At heart of the matter also here is simply the user.

What does the average user want in terms of concrete trade-off on his/her apps, between UX, cybersecurity and data privacy? These may sound like idle questions but they will probably become more and more acute in the future.

AI-led behavioral biometrics seem to have an early advantage here. The data is hashed and encrypted, meeting immediately most basic governance. The purpose of AI-led behavioral biometrics must also be considered: Ironically, it is about exactly that: data protection.

These questions are guaranteed to remain current for the foreseeable future, as the cyber threats evolve, grow, scale and diversify.

A best practice will remain engaging the user transparently. Organizations must ensure that they have explicit consent from users and that the data is securely stored and processed.

Another best practice will remain in engaging only experienced IT partners and proven cybersecurity suppliers in AI-led behavioral biometrics.

As the cyberthreat grows, so will the everyday openness about cybersecurity with users. As users understand more and more about 2FA policies and how obsolete they may be, their willingness to accept “Smart MFA” and AI-led behavioral biometrics protection will likely rise.

There is also the risk of false positives, where legitimate users might be flagged as suspicious due to changes in their usual behavior, leading to potential disruptions and user dissatisfaction.

In concrete terms, it could be a user who goes on a business trip, logs in using a different IP, time, device, and keyboard (influencing his keystroke speed).

This however is a bit of a fallacious view since in this case, the mitigation would not necessarily be an account freeze if say, a user fails password login 3 times in a row. Rather, AI-led cybersecurity would trigger a low-level alert, requiring a discrete authentication, in context.

The user also is also more engaged in the process as he probably realises somehow that his unusual usage may be the source of the issue. This can also be openly described in the Smart MFA text, sent out for the low-level alert.

Finally it is worth remembering that in real life, right now, users who authenticate through keyword/MFA tools often trigger false positives already. Users routinely change passwords, confuse apps, and attempt logins until being frozen out.

A modern application security strategy provides more control over false positives. Instead of being a byproduct of a fairly coarse, binary policy (like a classic 2FA at login), false positives can here be estimated, and configured as security levels.

Integrating AI and behavioral biometrics into existing security Cloud software / SaaS infrastructures tends to pose little technical and logistical challenge.
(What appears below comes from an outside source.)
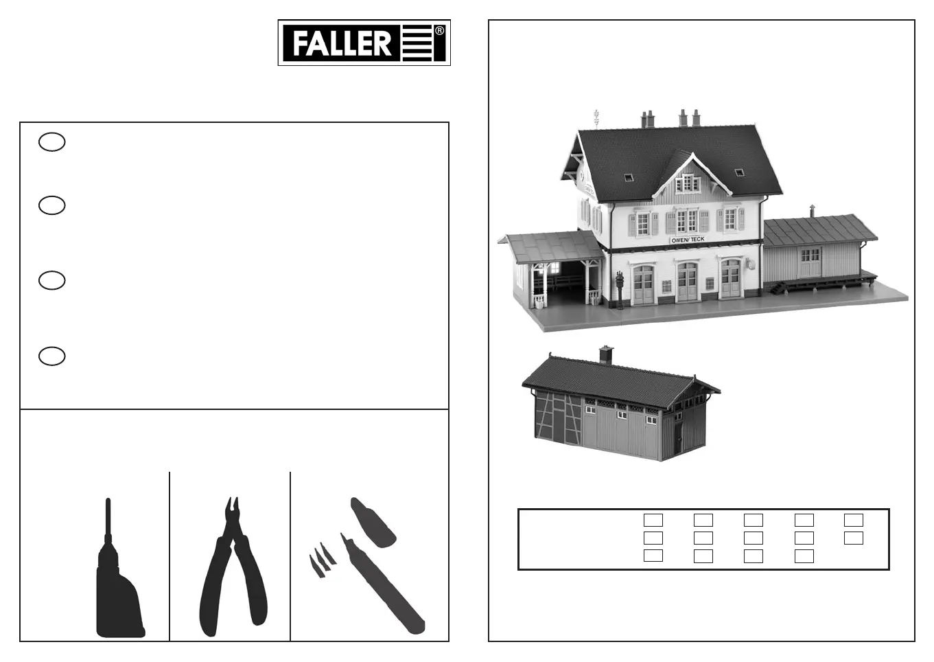Pour l’assemblage du modèle, nous vous recommandons les articles FALLER suivants (non inclus dans le kit):

AI-led behavioral biometrics work at the ready with existing MFA measures and the existing cybersecurity posture. Most organizations have typically already identified critical transactions paths, most common fraud types and other useful cybersecurity information.
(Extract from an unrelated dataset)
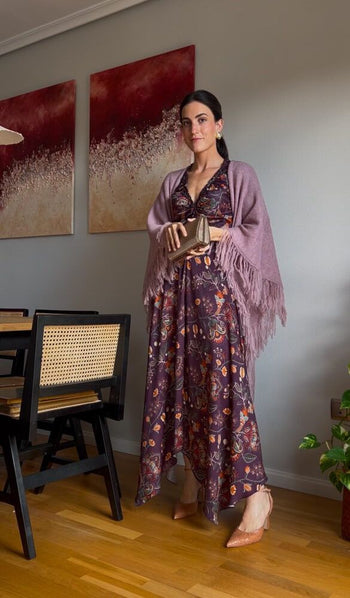 Chal de punto en varios colores lisos, confeccionado en mohair, lana y otras fibras.

Some integration is required, which is almost immediately “RoI’ed” in the sense that implementing that layer of AI protection also provides a much finer toolkit to configure your cybersecurity program, policy and posture.

There are a variety of proven, existing AI cybersecurity suppliers who have done the heavy lifting, in terms of designing the sophisticated algorithm, and advanced statistics at heart of the AI behavioral biometrics cybersecurity software.

No model training is required. No specific data sets need to be surfaced, as the AI cybersecurity layer works by monitoring real-time usage patterns.

Additionally, these systems must be trained on diverse datasets to avoid biases and ensure accuracy across different user demographics.

As cyber threats continue to evolve, the role of AI and behavioral biometrics in application security is expected to grow. Innovations in AI algorithms and data processing technologies will likely enhance the effectiveness and efficiency of these systems.

Moreover, as organizations become more aware of the potential of AI and behavioral biometrics, adoption rates are expected to rise, setting new standards in cybersecurity practices.

The use of AI and behavioral biometrics represents a shift towards more adaptive, resilient, and user-centered approaches in cybersecurity, crucial for protecting against the sophisticated cyber threats of today’s digital age.